A study of global online media coverage. The goal is to identify top American online media outlets (via Alexa ranking), use the MediaCloud dataset and tools to geoparse and locate stories, and then compare global coverage between them.
Set up mongodb.
Install the python requirements: pip install -r requirements.pip
- Ran
scraper/scrape-alexa.pyto pull the top arts and news rankings from the Alexa website. (Jan 21, 2014) - Three of us handcoded the
scraper/data/alexa-NNNN-ranks-raw.csvfollowing thedoc/AlexaSourceCodingGuidelines.pdfdocument. - We ran
scraper/compute-intercoder-reliability.pyto compute inter-coder reliability. - We resolved (small number of) disagreements manually to produce the
scraper/data/alexa-NNNN-ranks-golden.csvfiles. - We added in the Alexa "Global Rank" metric by running
scraper/scrape-alexa-details.py. - We ran
scraper/make-top-results.pyto produce "Top N" lists for each source type we care about. (Feb 17, 2014) - We hand-edited any entries in the "Top N" lists that didn't make sense - sportsillustrated was the only one (Feb 17, 2014)

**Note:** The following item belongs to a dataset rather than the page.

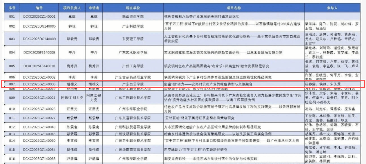 近日,广东省2025年“多彩乡村 向新而行”系列实践活动立项结果公布。经专家严格评审和各主办单位审议,从全省报送的325份课题申报中,我校胡相文老师主持的课题——《“甜蜜‘柑’动力”——安岗村贡柑产业的绿色转型与文旅融合》脱颖而出,成功入选立项。
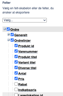 - Ordre - Ordrelinjer - Produkt id, Varenummer, Produkt titel, Variant titel, Diverse titel, Antal, Pris

- We removed any non-english sources - eenadu.net on the newspaper list was the only one (Feb 28, 2014)
- We added a MediaCloud source_id to the "Top N" lists, and adding in any missing sites to MediaCloud via their admin UI.
- We used a tiny web app (in
media-source-dashboard/) to make sure stories were being collected by MediaCloud correctly
- We ran
story-fetcher/fetch-stories.pyto download all the sentences for the sources for the month we care about into a MongoDB. - We ran
json-generator/generate-json.pyto aggregate the information into a JSON describing country coverage by type of media source.
- We added external data files to
analysis/externalas listed in that directory's readme. - We added a
common.csvdata file todata. - We set the
min_articlesthreshold inmc-client.configto 200. - We ran
story-fetcher/fetch-story-counts.pyto create a csv of story counts for each source in the configured time period. - We ran
analysis/find-entropy.pyto produceanalysis/output/foreign_attention.csv. Each row gives the fraction of a particula source's foreign articles that are dedicated to a specific country.
Make sure you set up these indices in the database:
db.people.ensureIndex( { "type": 1 } );
db.people.ensureIndex( { "cliffCountriesOfFocus": 1 } );